What to do:
Search the material for the string "Fort" and copy each line where it occurs.

Supplied data:
┏━━

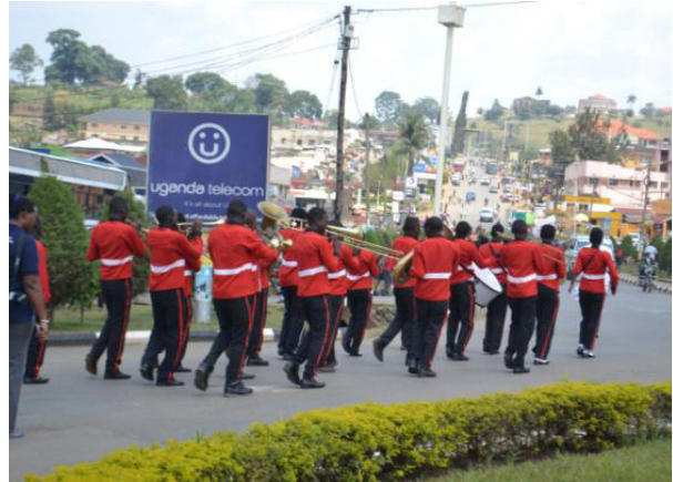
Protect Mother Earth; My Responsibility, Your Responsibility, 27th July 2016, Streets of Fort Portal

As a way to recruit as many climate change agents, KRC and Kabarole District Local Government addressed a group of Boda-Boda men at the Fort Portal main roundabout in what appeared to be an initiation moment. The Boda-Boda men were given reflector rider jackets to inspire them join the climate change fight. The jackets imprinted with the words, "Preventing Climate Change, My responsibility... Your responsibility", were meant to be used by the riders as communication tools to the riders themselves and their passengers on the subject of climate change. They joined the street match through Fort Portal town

┗━━
┏━━

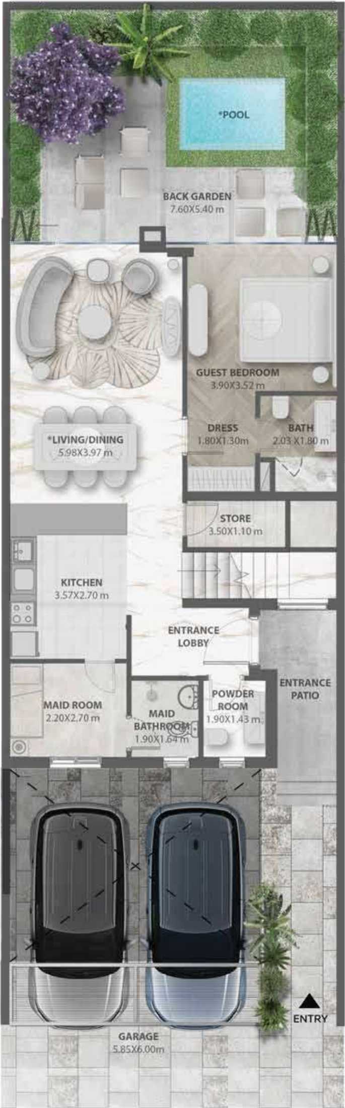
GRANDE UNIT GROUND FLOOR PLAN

┗━━

Task solution:
Protect Mother Earth; My Responsibility, Your Responsibility, 27th July 2016, Streets of Fort Portal
As a way to recruit as many climate change agents, KRC and Kabarole District Local Government addressed a group of Boda-Boda men at the Fort Portal main roundabout in what appeared to be an initiation moment. The Boda-Boda men were given reflector rider jackets to inspire them join the climate change fight. The jackets imprinted with the words, "Preventing Climate Change, My responsibility... Your responsibility", were meant to be used by the riders as communication tools to the riders themselves and their passengers on the subject of climate change. They joined the street match through Fort Portal town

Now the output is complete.